#### PROBLEM TO SOLVE:
The listing below should be reproduced exactly, with the pictures omitted.

#### DATA SEGMENT:
☆ ☆ ☆
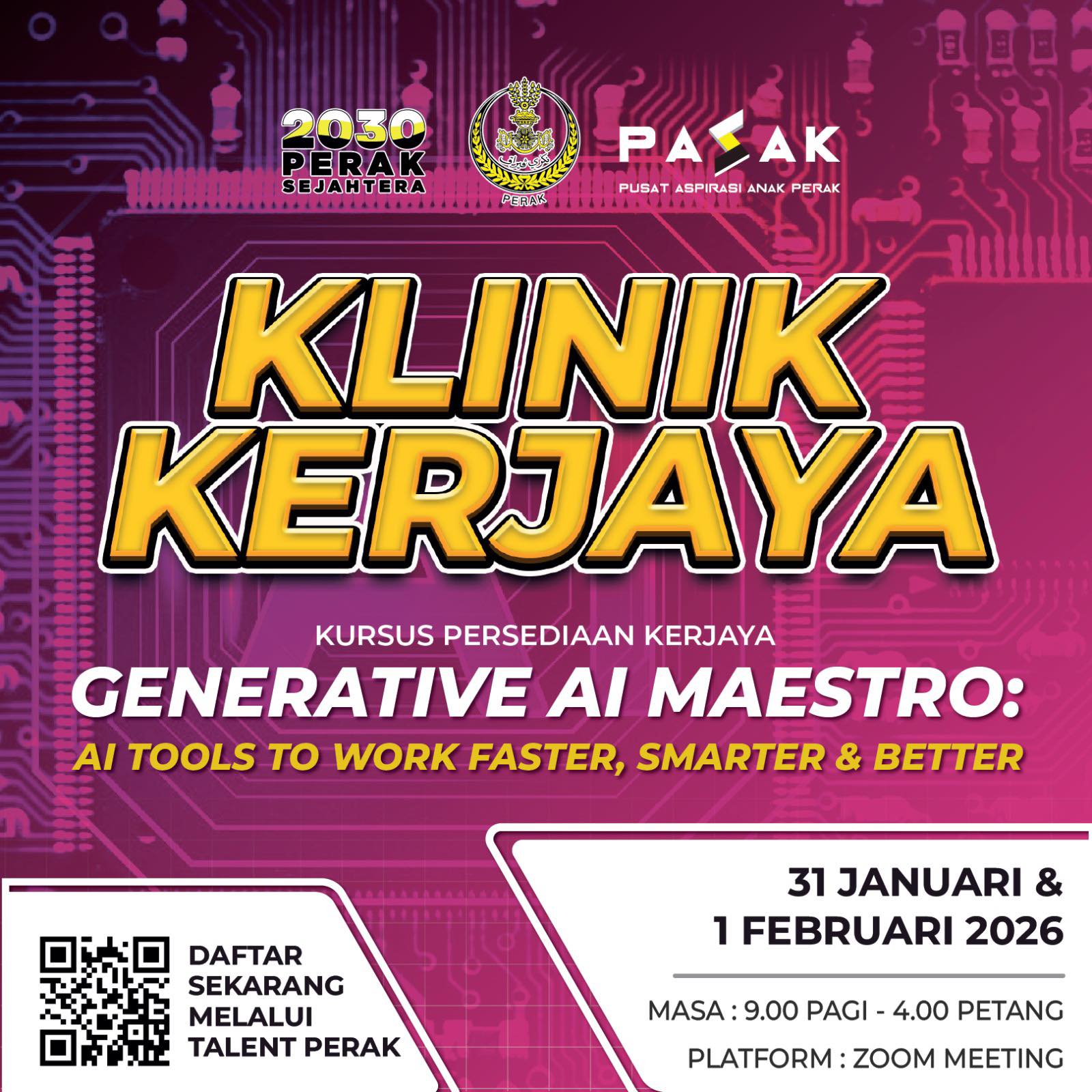 #KursusAI #GenerativeAI #LatihanAI #KlinikKerjaya #ProduktivitiKerja #KemahiranDigital #AIUntukKerjaya #PASAK #TalentPerak #LatihanAtasTalian
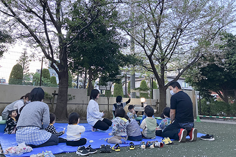 園舎は新河岸川の遊歩道沿いにあり、近くには公園も多く、安全に散歩に出掛けられ、自然に触れて遊ぶ機会が多いのも特徴です。
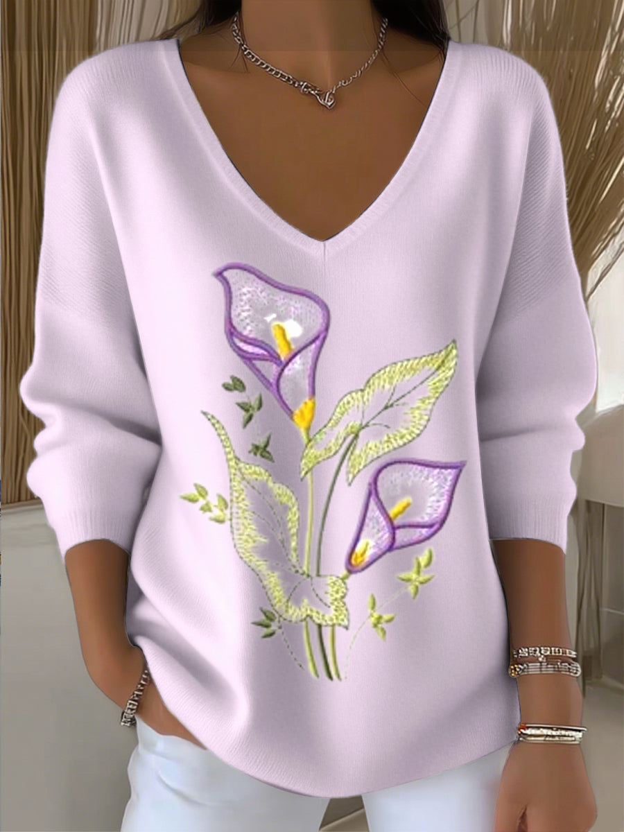 Жените прости и красиви подкова цвете бродерия светлина лилаво v-врата цвете бродерия пуловер
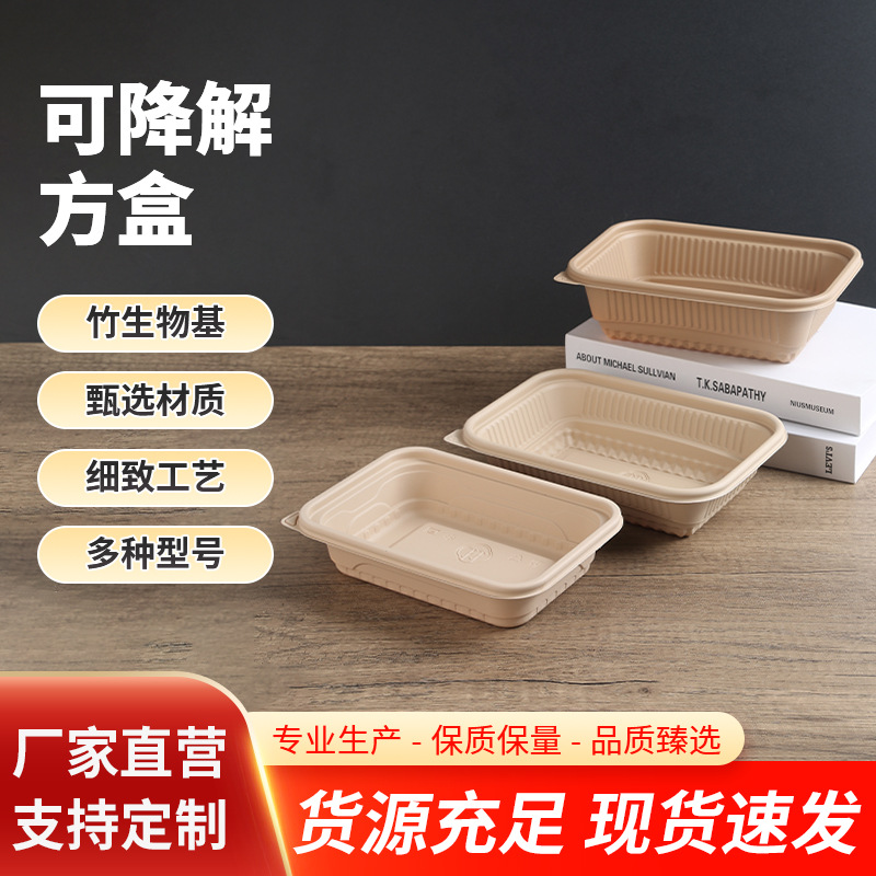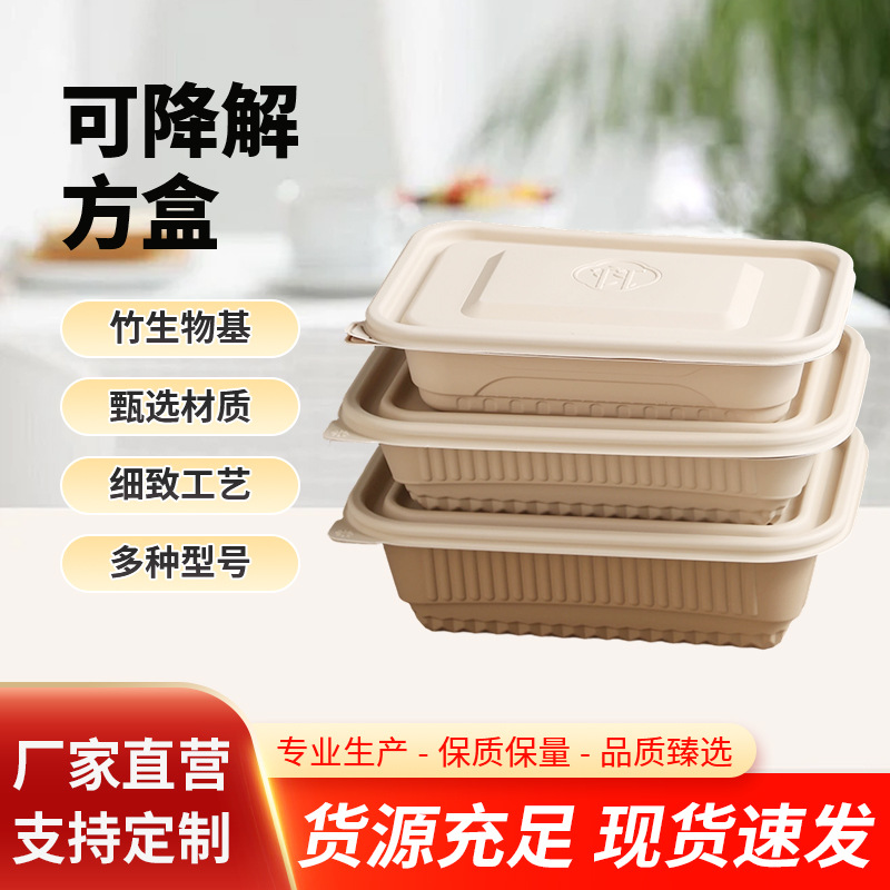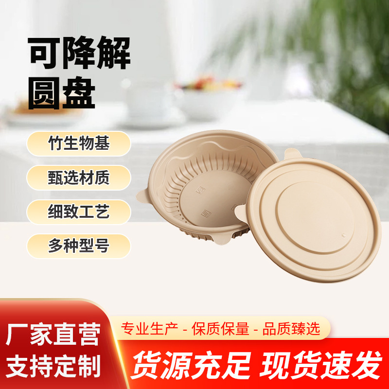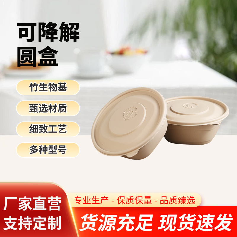 一次性餐盒可降解外卖打包盒圆形方形多规格便当餐饮工厂供应竹制
☆ ☆ ☆
#### EXPECTED ANSWER:
 #KursusAI #GenerativeAI #LatihanAI #KlinikKerjaya #ProduktivitiKerja #KemahiranDigital #AIUntukKerjaya #PASAK #TalentPerak #LatihanAtasTalian
 園舎は新河岸川の遊歩道沿いにあり、近くには公園も多く、安全に散歩に出掛けられ、自然に触れて遊ぶ機会が多いのも特徴です。
 Жените прости и красиви подкова цвете бродерия светлина лилаво v-врата цвете бродерия пуловер
 一次性餐盒可降解外卖打包盒圆形方形多规格便当餐饮工厂供应竹制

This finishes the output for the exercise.